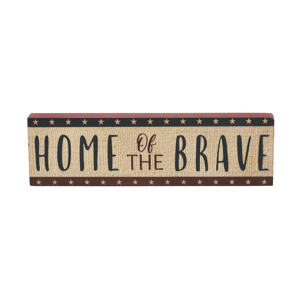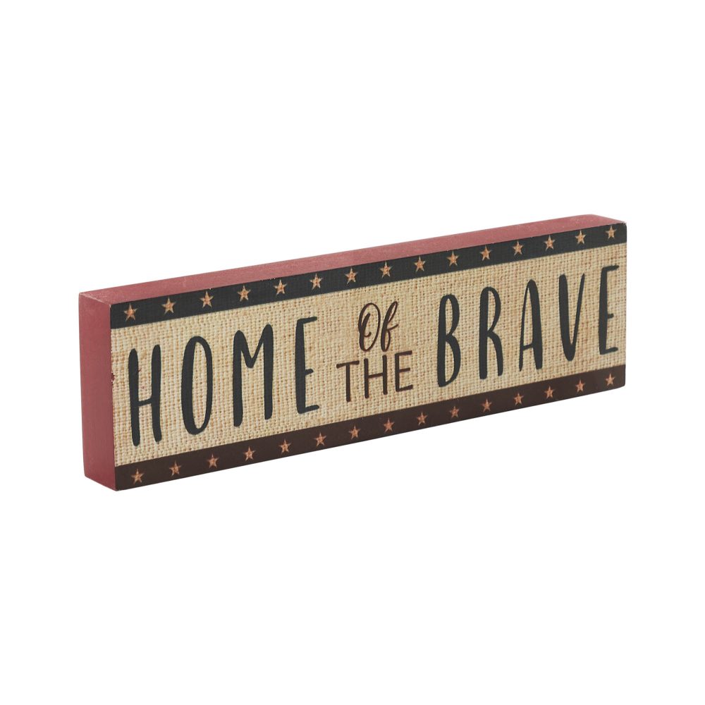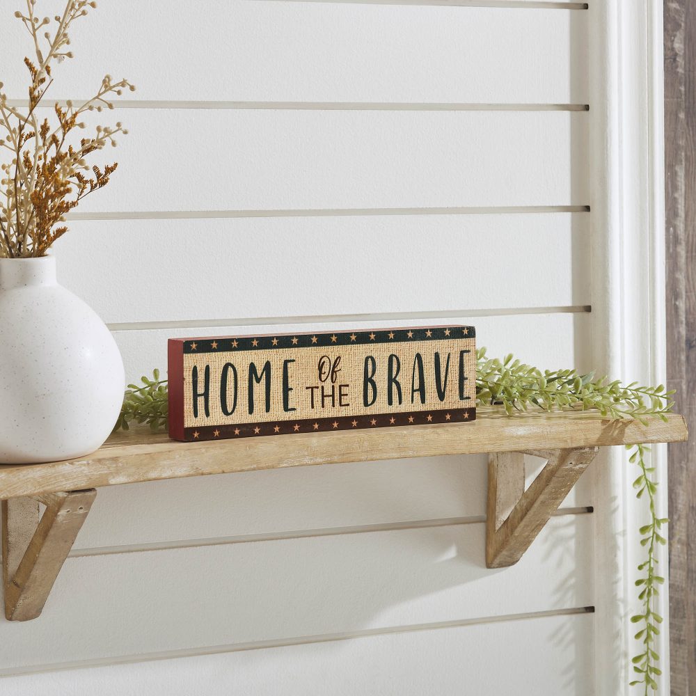 Celebrate your patriotic spirit with the VHC Brands Patriotic Home Of The Brave w/ Red Blue Star Stripes MDF Block Sign 3x10x1. This charming decorative sign features a printed tan burlap-look background, creating a rustic canvas for the inspiring quote "Home of the Brave." Accented with bands of small stars in navy blue and burgundy at the top and bottom borders, this sign captures the essence of Americana style and adds a timeless touch to your Independence Day or everyday decor. Perfect for enhancing any room, this rectangular block sign fits beautifully in living rooms, dining rooms, kitchens, bedrooms, bathrooms, or entryways. Its compact size and horizontal layout make it ideal for display on shelves, mantels, countertops, or tabletops. The classic burlap tan, navy blue, and burgundy color palette complements rustic farmhouse and country-inspired interiors, adding warmth and character to your space. Maintaining the VHC Brands Patriotic Home Of The Brave Block Sign is simple-just wipe it clean with a soft cloth to preserve its digital print and distressed finish. Whether used as a standalone piece or paired with other patriotic decorations, this MDF sign is a stylish and meaningful way to honor the spirit of freedom and bravery in your home. Its quality craftsmanship and heartfelt message make it a perfect addition to your rustic Americana decor.
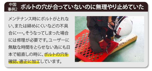“中国で使用されている部品”の品質自体がトラブルの原因になっていることも少なくありません。そのような場合は、新品であっても、部品ごと日本製部品に交換して出荷します。例えば『高い負荷がかかると弱い中国製のボルト』や『故障の多い電磁弁』などを日本製に交換しています。
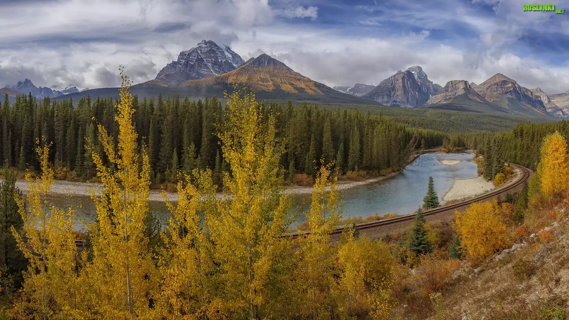 Góry, Canadian Rockies, Drzewa, Lasy, Jesień, Rzeka, Bow River, Park Narodowy Banff, Tory kolejowe, Chmury, Alberta, Kanada |
+-------+
Work request:
Return all material verbatim, pictures omitted.

The answer:
 Celebrate your patriotic spirit with the VHC Brands Patriotic Home Of The Brave w/ Red Blue Star Stripes MDF Block Sign 3x10x1. This charming decorative sign features a printed tan burlap-look background, creating a rustic canvas for the inspiring quote "Home of the Brave." Accented with bands of small stars in navy blue and burgundy at the top and bottom borders, this sign captures the essence of Americana style and adds a timeless touch to your Independence Day or everyday decor. Perfect for enhancing any room, this rectangular block sign fits beautifully in living rooms, dining rooms, kitchens, bedrooms, bathrooms, or entryways. Its compact size and horizontal layout make it ideal for display on shelves, mantels, countertops, or tabletops. The classic burlap tan, navy blue, and burgundy color palette complements rustic farmhouse and country-inspired interiors, adding warmth and character to your space. Maintaining the VHC Brands Patriotic Home Of The Brave Block Sign is simple-just wipe it clean with a soft cloth to preserve its digital print and distressed finish. Whether used as a standalone piece or paired with other patriotic decorations, this MDF sign is a stylish and meaningful way to honor the spirit of freedom and bravery in your home. Its quality craftsmanship and heartfelt message make it a perfect addition to your rustic Americana decor.
“中国で使用されている部品”の品質自体がトラブルの原因になっていることも少なくありません。そのような場合は、新品であっても、部品ごと日本製部品に交換して出荷します。例えば『高い負荷がかかると弱い中国製のボルト』や『故障の多い電磁弁』などを日本製に交換しています。
 Góry, Canadian Rockies, Drzewa, Lasy, Jesień, Rzeka, Bow River, Park Narodowy Banff, Tory kolejowe, Chmury, Alberta, Kanada |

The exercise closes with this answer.